---------- GIVEN RECORDS

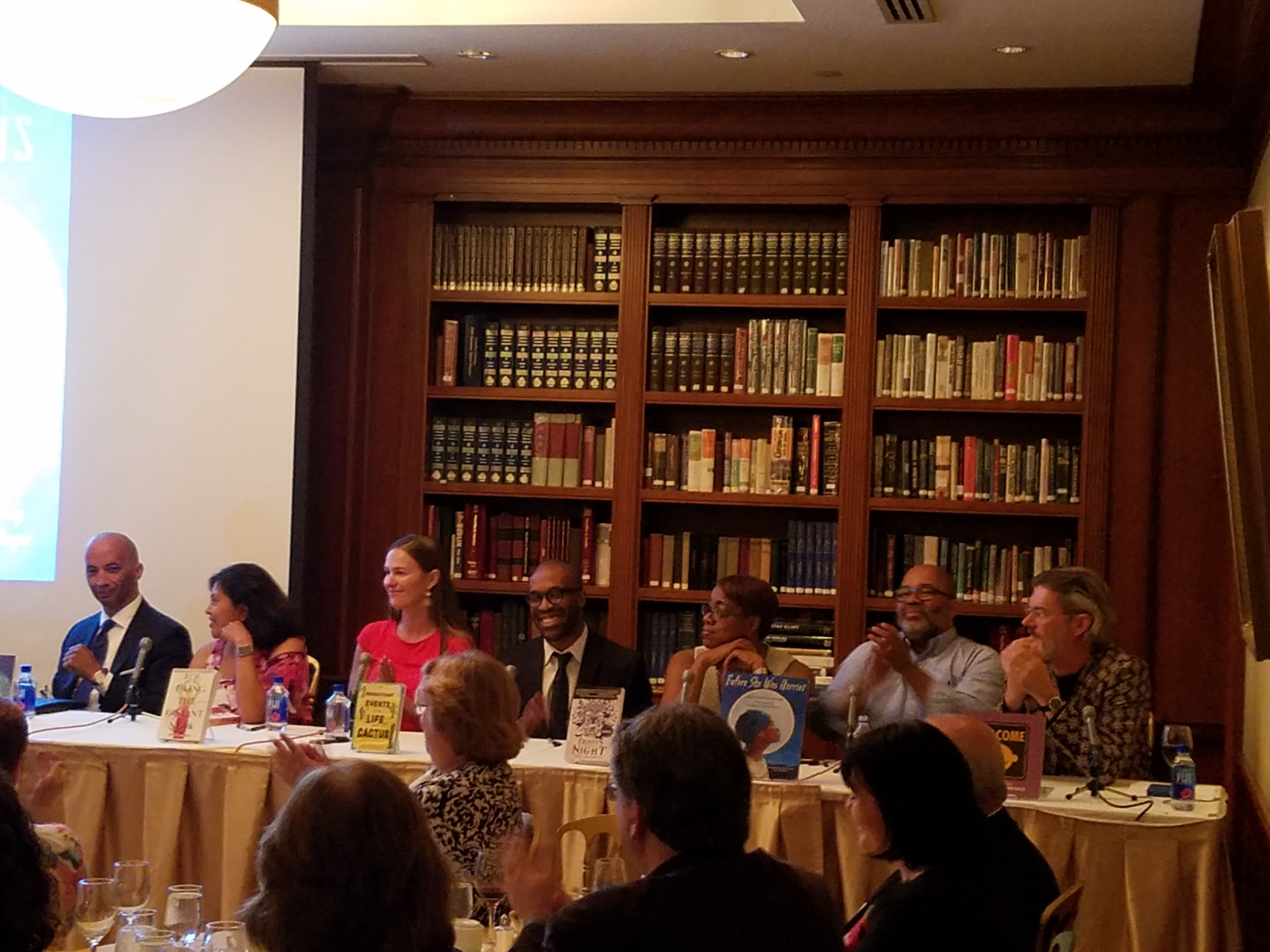 • The children’s author dinner at the Princeton Club was wonderful. The author lineup was fantastic: Byron Pitts (Be the One: Six True Stories of Teens Overcoming Hardship with Hope); Tochi Onyebuchi (Beasts Made of Night); Mitali Perkins (You Bring the Distant Near); author and illustrator husband and wife powerhouse Lesa Cline-Ransome and James E. Ransome (Before She Was Harriet), Dusti Bowling (Insignificant Events in the Life of a Cactus), and Mo Willems (Welcome). Each author (and illustrator) spoke about their books, and the publishers were kind enough to provide tote bags and copies of each book, which the authors graciously signed after their panel.
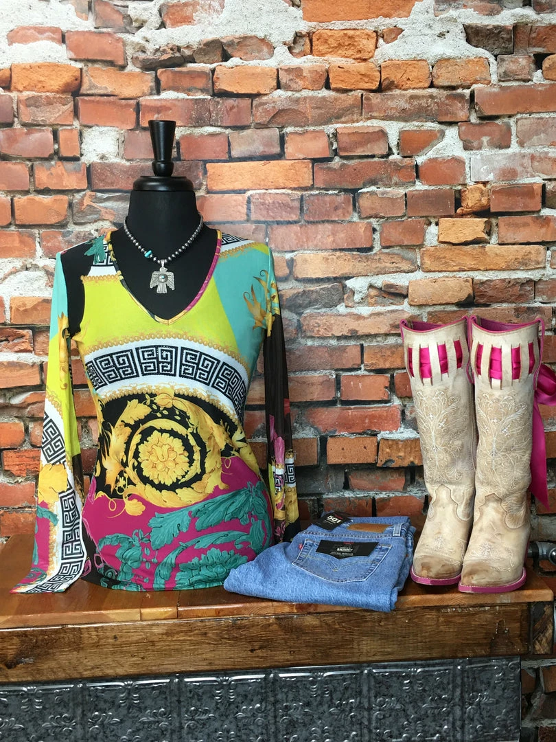 Show your style in this beautiful, cool, mesh top that is full of color and design.
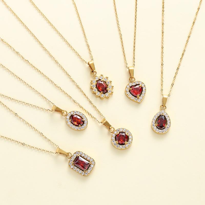 N0005 golden rectangular red stone, N0007 golden round red stone, N0008 golden heart-shaped red stone, N0009 g...
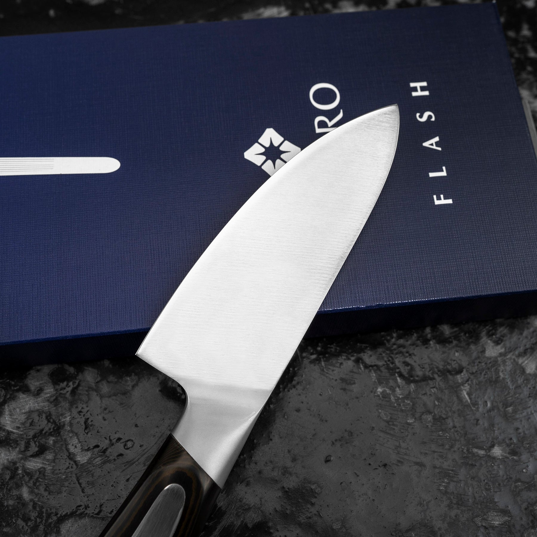 Noże wykonane ze stali VG-10 charakteryzują się świetnymi właściwościami tnącymi oraz długim czasem trzymania ostrości. Wymagają one minimalnych zasad konserwacji. Nóż ten sprawdzi się świetnie zarówno w rękach początkującego kucharza jak i profesjonalisty.
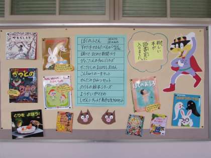 職員室の前の廊下にある掲示板で、学校図書館に新しく入った本の紹介をしています。千本小学校の子どもたちは、読書が大好きです。新しい本で、また、本を読む意欲がわくといいですね。
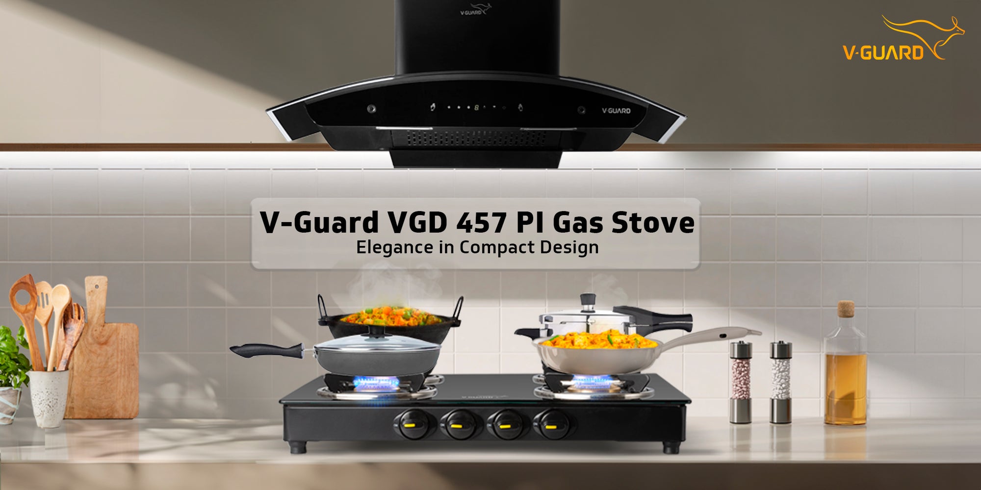 V-Guard VGD 457 PI LPG Gas Stove is a compact & elegant cooking solution designed to enhance your kitchen's style and functionality. With compact dimensions of 57.5 cm(L) x 50 cm (B) x 7.8 cm (H), this stove fits seamlessly into any kitchen while providing a sleek, modern appearance. It features 4 high efficiency brass ensuring optimal fuel usage and durability. Its premium toughened glass top not only adds a touch of elegance but also makes it easy to clean, resisting oil & stains...
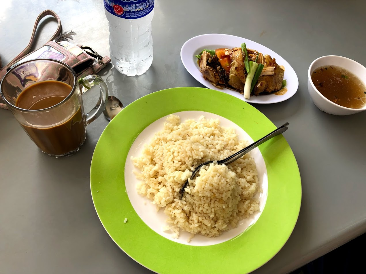 A clock tower drew us out of the alleys to take some photos. It turned out it was in a little square at the Hawker Centre. I got myself kopi and chicken rice. My lunch was $8 ringgits (about $3 CAD/SG).
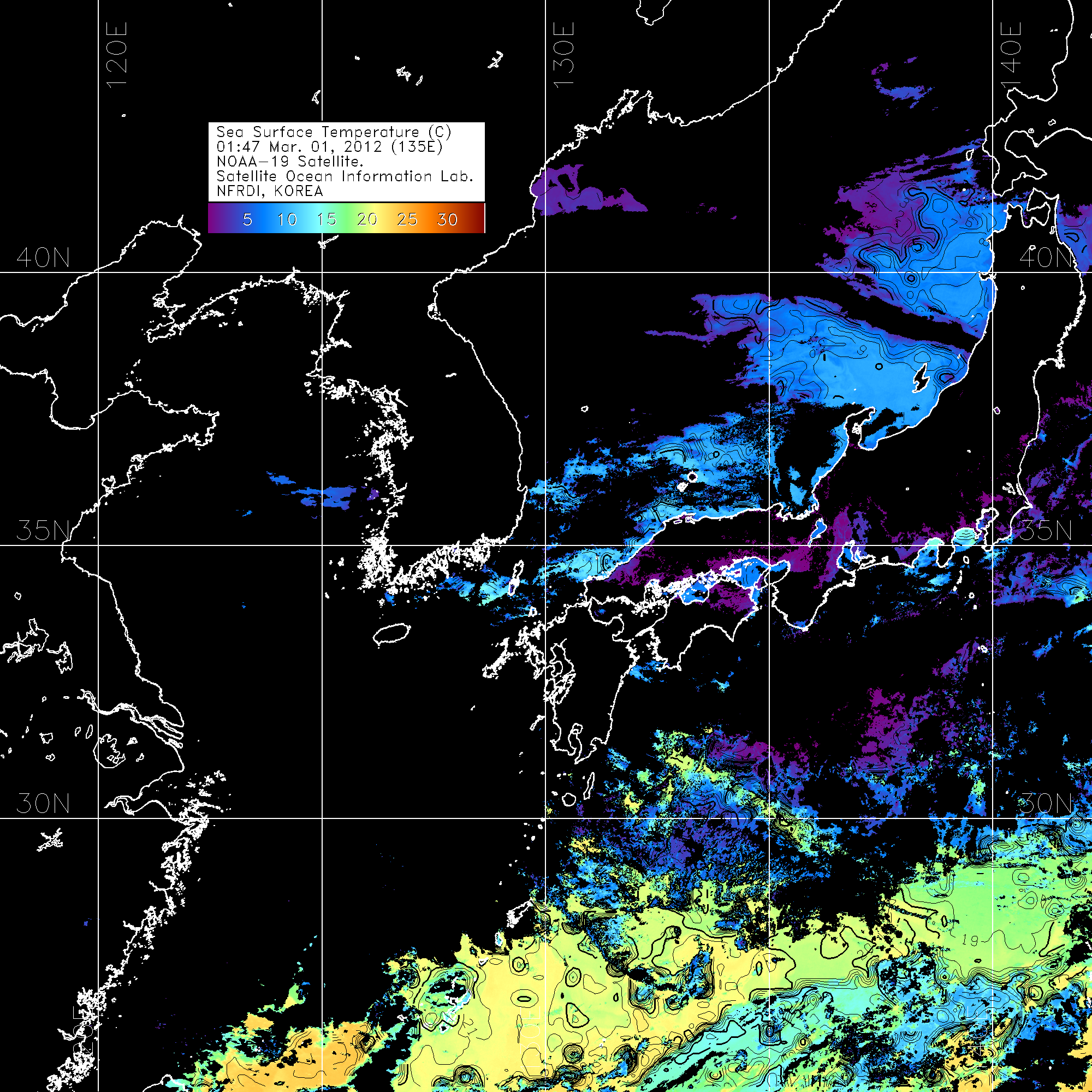 o 2012년 03월 01일 NOAA 위성영상입니다. o 영상 시간 및 수온분포는 범례를 참고하시기 바랍니다. o 검은색은 구름을 나타냅니다. o 그림을 클릭하시면 크게 보실 수 있습니다.
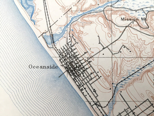 Antique Oceanside, California 1901 US Geological Survey Topographic Map – San Luis Rey, Encinitas, Escondido, Carlsbad, Los Angeles Junction
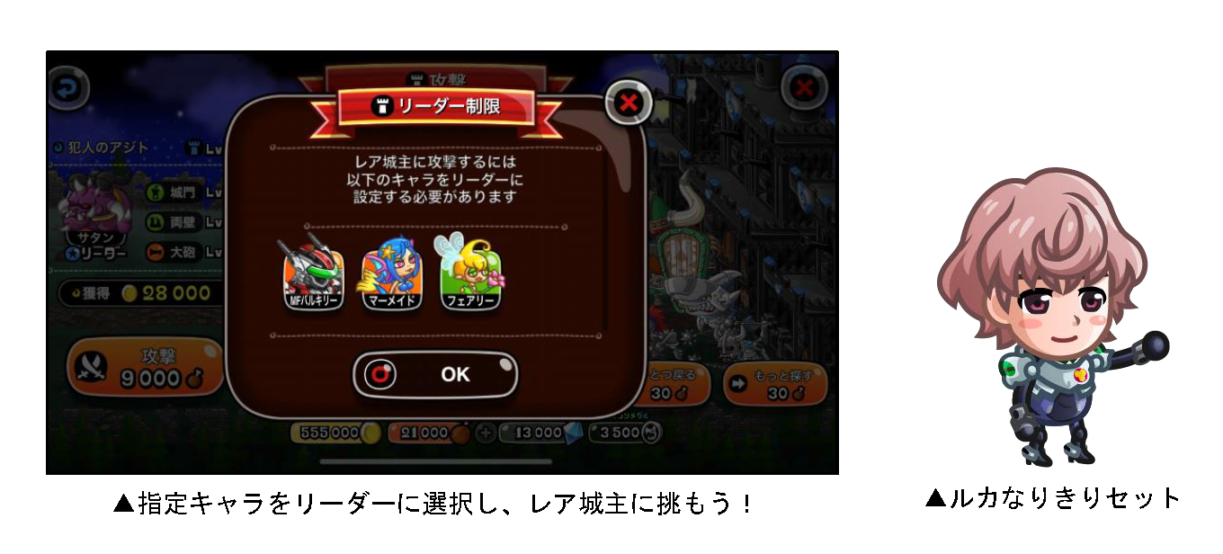 「バトル」から「ひとりで」または「みんなで」を選び、「攻撃」を選択すると、ランダムでレア城主が出現する“レア城主”イベント。極秘任務「ライブを守れ」では、まれに“犯人のアジト”に遭遇し、規定数勝利をすると限定剣士お着替え“ルカなりきりセット”がもらえます。
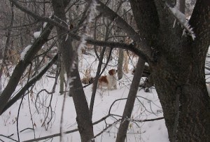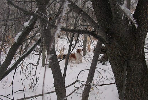 Once we got off the road, we found deep snow that made for tough going for little Sunny and me, but we trudged ahead in hopes of one last encounter with a wild grouse.
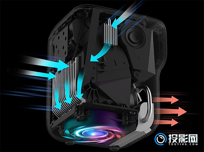 当贝c2机模较为方正,配色黑白相间,较于小明q1镜头部位前倾的设计更显美感。小明q1光机与主板部分在顶部,整个镜头向前凸起,给用户的第一眼印象略显头重脚轻,不过q1的设计还较为个性,外观标新立异。

--------------------

**REQUIRED ACTION:**
Starting at the line with "Show your style", output each line through the final one of the listing above, and nothing else. Pictures are to be left out.

**OUTPUT OF THE EXERCISE:**
 Show your style in this beautiful, cool, mesh top that is full of color and design.
 N0005 golden rectangular red stone, N0007 golden round red stone, N0008 golden heart-shaped red stone, N0009 g...
 Noże wykonane ze stali VG-10 charakteryzują się świetnymi właściwościami tnącymi oraz długim czasem trzymania ostrości. Wymagają one minimalnych zasad konserwacji. Nóż ten sprawdzi się świetnie zarówno w rękach początkującego kucharza jak i profesjonalisty.
 職員室の前の廊下にある掲示板で、学校図書館に新しく入った本の紹介をしています。千本小学校の子どもたちは、読書が大好きです。新しい本で、また、本を読む意欲がわくといいですね。
 V-Guard VGD 457 PI LPG Gas Stove is a compact & elegant cooking solution designed to enhance your kitchen's style and functionality. With compact dimensions of 57.5 cm(L) x 50 cm (B) x 7.8 cm (H), this stove fits seamlessly into any kitchen while providing a sleek, modern appearance. It features 4 high efficiency brass ensuring optimal fuel usage and durability. Its premium toughened glass top not only adds a touch of elegance but also makes it easy to clean, resisting oil & stains...
 A clock tower drew us out of the alleys to take some photos. It turned out it was in a little square at the Hawker Centre. I got myself kopi and chicken rice. My lunch was $8 ringgits (about $3 CAD/SG).
 o 2012년 03월 01일 NOAA 위성영상입니다. o 영상 시간 및 수온분포는 범례를 참고하시기 바랍니다. o 검은색은 구름을 나타냅니다. o 그림을 클릭하시면 크게 보실 수 있습니다.
 Antique Oceanside, California 1901 US Geological Survey Topographic Map – San Luis Rey, Encinitas, Escondido, Carlsbad, Los Angeles Junction
 「バトル」から「ひとりで」または「みんなで」を選び、「攻撃」を選択すると、ランダムでレア城主が出現する“レア城主”イベント。極秘任務「ライブを守れ」では、まれに“犯人のアジト”に遭遇し、規定数勝利をすると限定剣士お着替え“ルカなりきりセット”がもらえます。
 Once we got off the road, we found deep snow that made for tough going for little Sunny and me, but we trudged ahead in hopes of one last encounter with a wild grouse.
 当贝c2机模较为方正,配色黑白相间,较于小明q1镜头部位前倾的设计更显美感。小明q1光机与主板部分在顶部,整个镜头向前凸起,给用户的第一眼印象略显头重脚轻,不过q1的设计还较为个性,外观标新立异。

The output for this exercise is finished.